**Problem description:**
Each entry needs to be copied exactly, with nothing left out.

**The records:**
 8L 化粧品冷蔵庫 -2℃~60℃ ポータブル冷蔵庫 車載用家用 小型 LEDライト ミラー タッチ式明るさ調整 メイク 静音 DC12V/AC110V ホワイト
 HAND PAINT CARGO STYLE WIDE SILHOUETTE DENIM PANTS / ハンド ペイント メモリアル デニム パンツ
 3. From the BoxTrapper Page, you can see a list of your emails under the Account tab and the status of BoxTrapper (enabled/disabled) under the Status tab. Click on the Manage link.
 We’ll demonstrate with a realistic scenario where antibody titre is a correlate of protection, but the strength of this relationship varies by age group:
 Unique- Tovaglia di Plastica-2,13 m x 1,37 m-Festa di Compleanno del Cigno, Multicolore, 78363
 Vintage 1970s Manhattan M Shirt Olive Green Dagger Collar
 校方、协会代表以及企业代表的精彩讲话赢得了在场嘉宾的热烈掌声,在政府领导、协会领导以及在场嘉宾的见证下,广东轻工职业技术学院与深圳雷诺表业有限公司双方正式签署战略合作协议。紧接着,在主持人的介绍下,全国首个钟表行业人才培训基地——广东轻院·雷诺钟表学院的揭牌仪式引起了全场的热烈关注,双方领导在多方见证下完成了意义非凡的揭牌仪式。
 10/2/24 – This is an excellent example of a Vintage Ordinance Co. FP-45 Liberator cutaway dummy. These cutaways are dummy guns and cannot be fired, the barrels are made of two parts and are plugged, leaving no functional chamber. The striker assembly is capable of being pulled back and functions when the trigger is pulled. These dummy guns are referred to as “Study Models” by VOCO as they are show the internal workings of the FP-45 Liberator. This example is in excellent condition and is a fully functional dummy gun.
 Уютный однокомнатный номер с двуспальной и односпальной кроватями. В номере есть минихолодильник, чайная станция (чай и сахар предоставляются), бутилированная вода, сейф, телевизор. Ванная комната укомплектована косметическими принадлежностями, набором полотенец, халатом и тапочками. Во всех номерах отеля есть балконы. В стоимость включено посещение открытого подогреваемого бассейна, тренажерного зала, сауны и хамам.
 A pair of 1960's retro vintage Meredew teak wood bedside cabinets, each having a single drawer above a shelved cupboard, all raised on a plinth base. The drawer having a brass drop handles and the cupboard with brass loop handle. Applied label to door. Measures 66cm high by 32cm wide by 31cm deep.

**Reply:**
 8L 化粧品冷蔵庫 -2℃~60℃ ポータブル冷蔵庫 車載用家用 小型 LEDライト ミラー タッチ式明るさ調整 メイク 静音 DC12V/AC110V ホワイト
 HAND PAINT CARGO STYLE WIDE SILHOUETTE DENIM PANTS / ハンド ペイント メモリアル デニム パンツ
 3. From the BoxTrapper Page, you can see a list of your emails under the Account tab and the status of BoxTrapper (enabled/disabled) under the Status tab. Click on the Manage link.
 We’ll demonstrate with a realistic scenario where antibody titre is a correlate of protection, but the strength of this relationship varies by age group:
 Unique- Tovaglia di Plastica-2,13 m x 1,37 m-Festa di Compleanno del Cigno, Multicolore, 78363
 Vintage 1970s Manhattan M Shirt Olive Green Dagger Collar
 校方、协会代表以及企业代表的精彩讲话赢得了在场嘉宾的热烈掌声,在政府领导、协会领导以及在场嘉宾的见证下,广东轻工职业技术学院与深圳雷诺表业有限公司双方正式签署战略合作协议。紧接着,在主持人的介绍下,全国首个钟表行业人才培训基地——广东轻院·雷诺钟表学院的揭牌仪式引起了全场的热烈关注,双方领导在多方见证下完成了意义非凡的揭牌仪式。
 10/2/24 – This is an excellent example of a Vintage Ordinance Co. FP-45 Liberator cutaway dummy. These cutaways are dummy guns and cannot be fired, the barrels are made of two parts and are plugged, leaving no functional chamber. The striker assembly is capable of being pulled back and functions when the trigger is pulled. These dummy guns are referred to as “Study Models” by VOCO as they are show the internal workings of the FP-45 Liberator. This example is in excellent condition and is a fully functional dummy gun.
 Уютный однокомнатный номер с двуспальной и односпальной кроватями. В номере есть минихолодильник, чайная станция (чай и сахар предоставляются), бутилированная вода, сейф, телевизор. Ванная комната укомплектована косметическими принадлежностями, набором полотенец, халатом и тапочками. Во всех номерах отеля есть балконы. В стоимость включено посещение открытого подогреваемого бассейна, тренажерного зала, сауны и хамам.
 A pair of 1960's retro vintage Meredew teak wood bedside cabinets, each having a single drawer above a shelved cupboard, all raised on a plinth base. The drawer having a brass drop handles and the cupboard with brass loop handle. Applied label to door. Measures 66cm high by 32cm wide by 31cm deep.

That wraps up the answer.